@greenwitch, this is a common misconception. These universities are nonprofits, and therefore don’t run significant surpluses. Whatever revenues they earn, from tuition, grants, endowment income, etc., they spend, on financial aid, academic programming, facilities, etc. Sure, Harvard could decide to make tuition free for everyone - they’d just have to make enormous cuts to departments, staff, facilities, etc., to do it, and would fall behind other comparable institutions in these areas.
Unless other comparable universities made tuition free, and accepted that they would have smaller faculties, reduced missions and worse facilities because of it, why would Harvard be the first, when many more brilliant kids than they can admit are lining up to pay full freight and attend a university that they expect to offer the greatest possible number of opportunities to them?

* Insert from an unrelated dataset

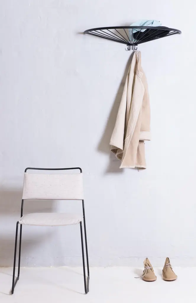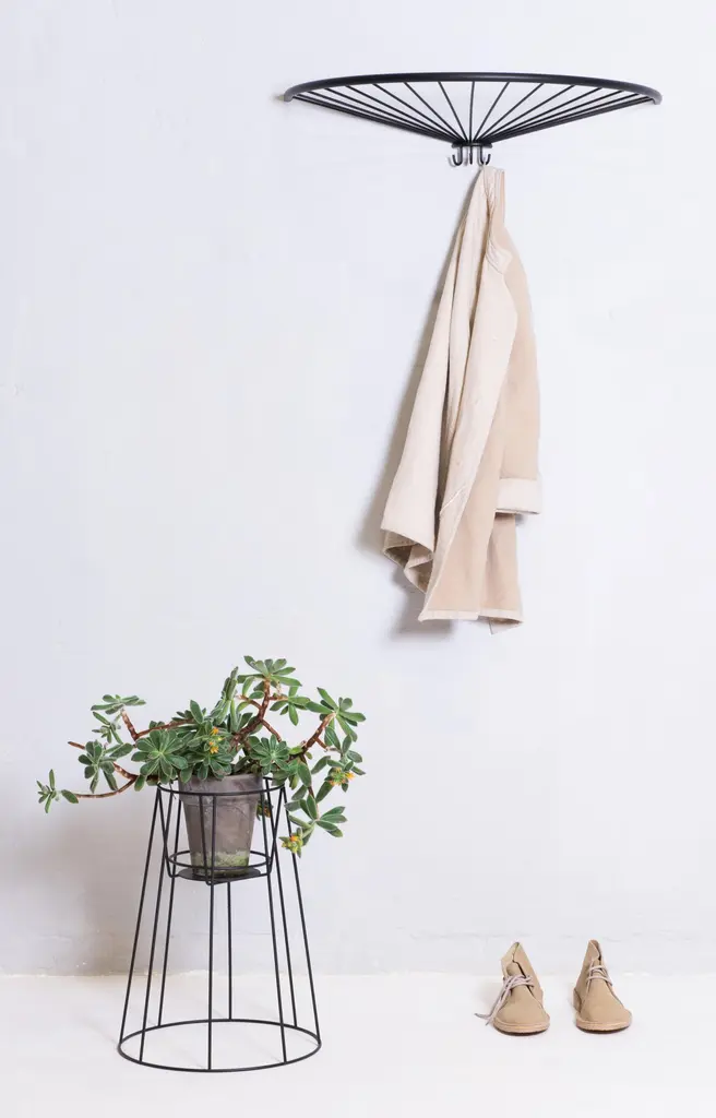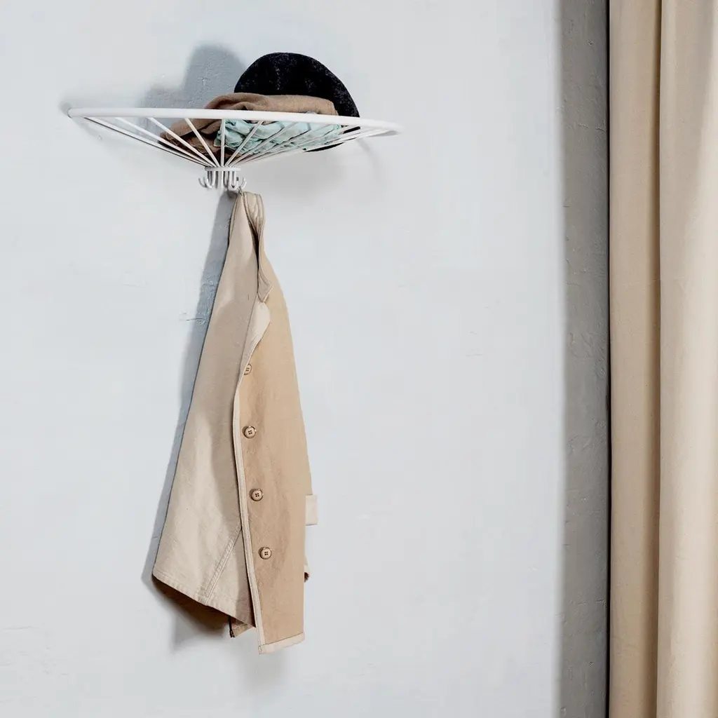 Pina Hat Shelf by OK DesignDimensions: D 35 x W 68 x H 13 cm.Materials: Powder-coated metal.Available in black, white, sea green, pigeon blue, or dusty peach. Please contact us.The Pinna Hat Shelf is a stylish and functional accessory for any home. Designed by Finnish designer Anni Pitkäjärvi, this hat shelf and coat rack features a simple yet powerful design that is highly decorative in the hallway and entrance. The shelf is made of powder-coated metal and comes with a shelf and 5 hooks to store your hats, coats, and other accessories.Pinna picks up on OK Design’s tradition for shapes and silhouettes. Its sleek and minimalist design makes it suitable for any modern interior. This shelf is perfect for small spaces and can be easily mounted on the wall.OK Design was founded by the Danish couple: Jacob Fasting and Kirsten Krogh. Jacob began his entrepreneurial life by founding the first bicycle courier company in Mexico City. Later his adventurous spirit led him down a new, creative path together with the architect Kirsten Krogh.Kirsten and Jacob initiated their success in Europe by introducing the traditional woven furniture from Mexico. Today they create in-house furniture as well as work in collaboration with international designers.OK Design is based in Copenhagen, the environmentally friendly production takes place in the EU, and the designs are sold in more than 40 countries worldwide.Their latest endeavour is Stella Atlántico in Isla de la Palma. A 4 floor building reaching towards the stars and located on the rim of the world’s largest erosion crater. Stella Atlántico functions as a combined visual showroom and holiday home.

If Harvard makes tuition free for everyone, it means they can’t, for example, afford to build that cutting-edge science lab, or hire those great faculty. If your family makes under about $100k, you’ll pay very little to go to Harvard - it’s cheaper to you than many state schools because of the aid it offers - and you’ll attend a university almost without peer in terms of the academic and other opportunities it offers its undergraduates. This is the balance Harvard has chosen to strike with the resources available to it.

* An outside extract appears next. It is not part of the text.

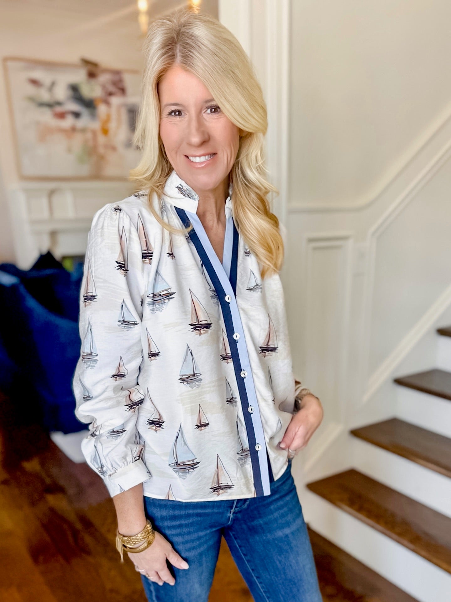 THML Button-down blouse. Mandarin collar. Sailboat print. Creams, navy, sky blue, taupe color. Cotton blend. if it’s true to us. Model in an extra small.
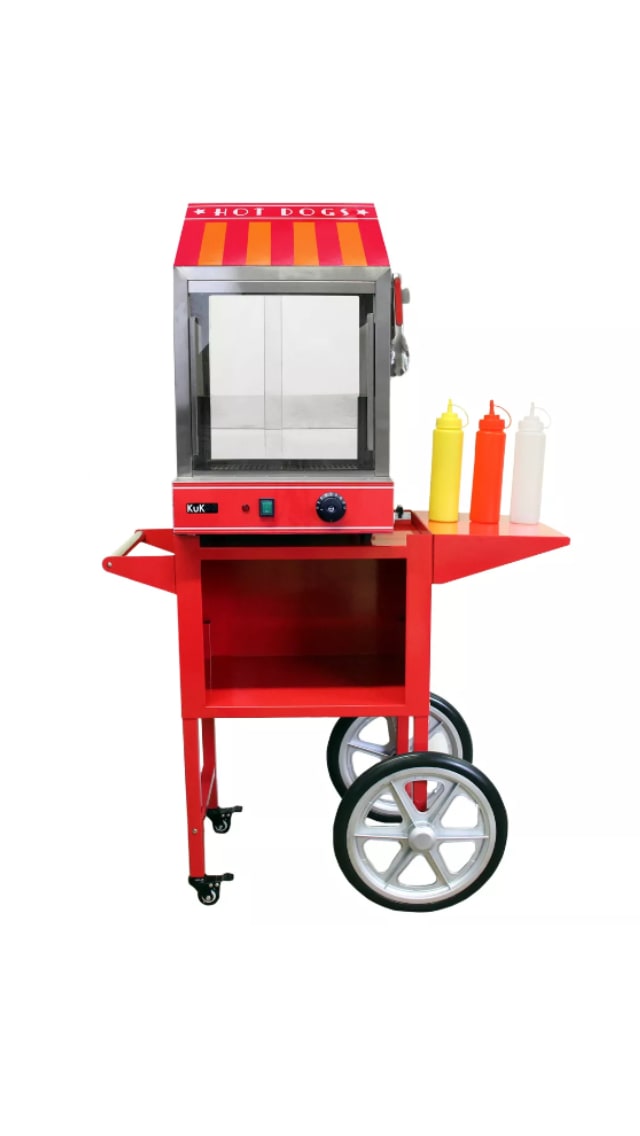 Our hot dog cart can be hired as machine only or with the stand.

When the financial crisis hit, Harvard’s endowment fell substantially in value, meaning that the income available from it to support the operating budget was significantly reduced, and major budget cuts had to be made across the board, affecting everything from faculty appointments to hot breakfasts. The academic complex the university had planned to build across the river in Allston had to be left as a parking lot and only recently has the situation stabilized sufficiently (in part because of large gifts received) for them to restart it. The Faculty of Arts and Sciences (which includes Harvard College) still runs at a deficit, subsidized by other parts of the university. Nothing is free.
@Iglooo - by your argument, the richest universities (which happen to be the best-regarded while being among the cheapest to attend for their poorest students, as noted above), should be taxed on the gifts they receive and consequently prevented from offering the best education they can…because you say so. I would like Harvard to continue to be the best university it can be, so I disagree.